Als Alexander K. gegen 22 Uhr wieder nach Hause kehrte, war die Labradorhündin verschwunden. Laut Anklage versuchte er erfolglos in den nächsten Tagen, das Tier wieder zurückzuholen. Zwei Tage nach dem Vorfall soll eine Mitarbeiterin des Tierheims beim Verein zur Tierregistrierung eine Ummeldung von Rosi erbeten haben: Man möge das Tierheim als Besitzer eintragen und ihnen Plakette und Ausweis zukommen lassen. So geschah es dann auch.

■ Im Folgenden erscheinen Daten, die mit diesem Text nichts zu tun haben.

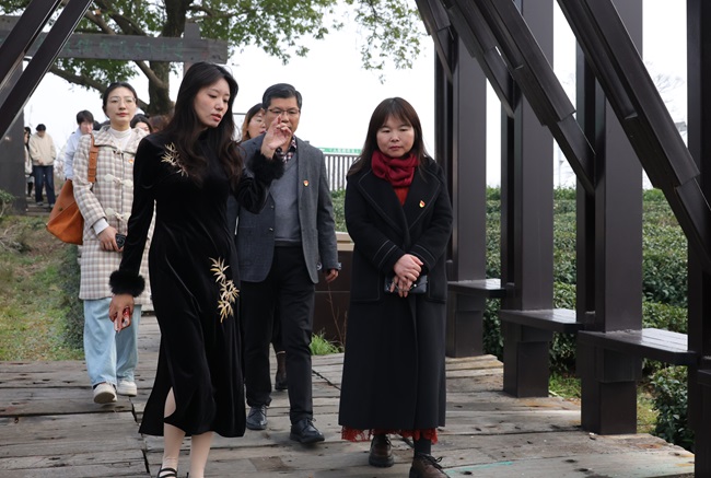 随后,全体师生党员沿着栈道来到著名反腐题材电视剧《人民的名义》剧中李达康书记陪同沙瑞金视察茶园场景的取景地——淳青茶园,体验采茶、制茶文化,重走反腐倡廉长征路。
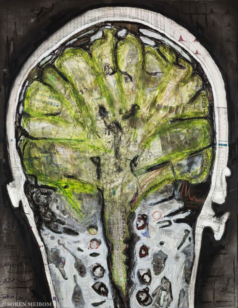 The Radiology series examines the wonders of modern medical imaging and the underlying science. The series was inspired by the dramatic, complex, and detailed pictures from inside the human body, made possible by modern radiology techniques. The individual artwork makes a connection to the object depicted by combining collage of tables, figures, and images from radiology journals, with painting and drawing, and writing of symbols, figures, mathematical and chemical formulas relevant to the imaging technique portrayed.
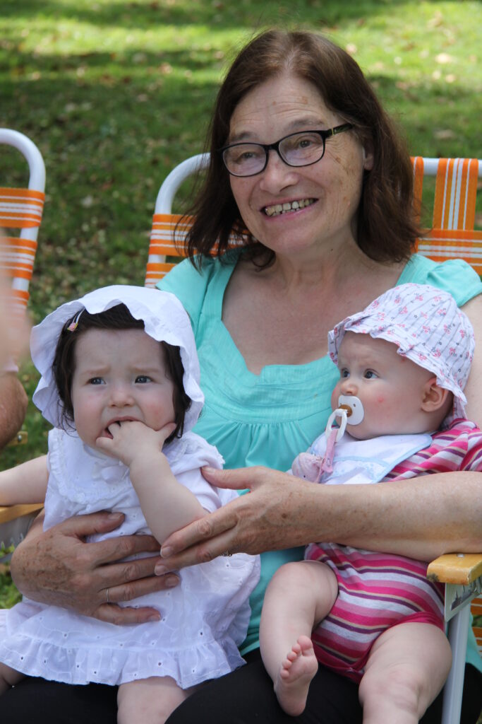 Foto tomada en 2013 en la ciudad de La Plata. Se festejaba el 1 año de Olivia (la primer nieta mujer de Julia). En la foto en brazos de Julia están Abigail y Juliana.
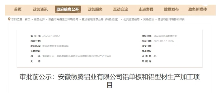 根据建设项目环境影响评价审批的有关规定,经审查,我局拟对安徽徽腾铝业有限公司《铝单板和铝型材生产加工项目》进行审批。为保证审查工作的严肃性、公正性,现将拟作出审批意见的环境影响评价文件基本情况予以公示,公开征求公众意见。
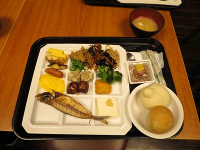 朝食も美味しかったです。愛媛名物「じゃこ天」や、「松山あげ」入り味噌汁に、日替わりで鶏の唐揚げや、とろとろのスクランブルエッグなど。オーブントースターで自分で作る目玉焼きも、珍しくて面白い。
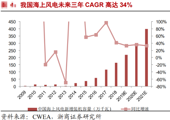 2016年 11 月国家能源局在印发的《风电发展“十三五”规划》中提出积极稳妥推进海上风电建设,到 2020 年全国海上风电开工建设规模达到 1000 万千瓦,力争累计并网容量达到 500 万千瓦以上。截至 2018 年底我国海上风电累计装机规模为 444.5 万千瓦,已核准的海上风电项目达 2300 万千瓦。浙商证券预计 2019~2020 年我国海上风电新增装机容量分别为2.2GW、3GW、4GW。

Alexander K. schaltete Rechtsanwältin Wiegand ein. Im Juli versuchten Beamte der Inspektion Milbertshofen, den Hund im Tierheim abzuholen. Doch eine Mitarbeiterin erklärte, sie habe ohne die Tierheim-Chefin nicht die Befugnis, den Hund herauszugeben. Sogar das Innenministerium wurde involviert, und in einem Telefonat mit einem Polizeioberrat soll die Tierheim-Geschäftsführerin Gabi S. erklärt haben, Rosi befinde sich in einer Pflegefamilie, und die sei momentan verreist.

Als schließlich Rosi am 11. August 2021 endgültig von der Polizei aus dem Tierheim abgeholt werden sollte, war der Zwinger leer. Das Tierheim erstattete Anzeige, Rosi sei gestohlen worden. Laut Polizei fanden sich keine Aufbruchsspuren an den Türen. Die Staatsanwaltschaft verschickte drei Strafbefehle wegen Unterschlagung, Beihilfe zur Unterschlagung und Begünstigung. Die drei Damen vom Tierheim legten Einspruch ein - und fanden sich vor Gericht wieder.

Richter Josef Bonkamp stellte nach Absprache mit Verteidigung und Staatsanwaltschaft die Verfahren ein. Die drei Angeklagten müssen insgesamt 1600 Euro an Alexander K. bezahlen - der wirtschaftliche Wert von Rosi. K. selbst sitzt derzeit im Gefängnis die Strafe ab, die ihm wegen des Polizeieinsatzes im Sommer 2021 aufgebrummt worden war. Er stand damals unter offener Bewährung.

Claus Reichinger vom Tierschutzverein sagt, man habe den Hund nicht mutwillig einbehalten, sondern den Fall sorgfältig überprüft. "Wir stellen uns schützend vor die Tiere." Der Verein verfüge über knapp 1000 Gassigeher und rund 500 Ehrenamtliche, die Zutritt auf das Gelände hätten. Wo Rosi ist, das weiß der Himmel.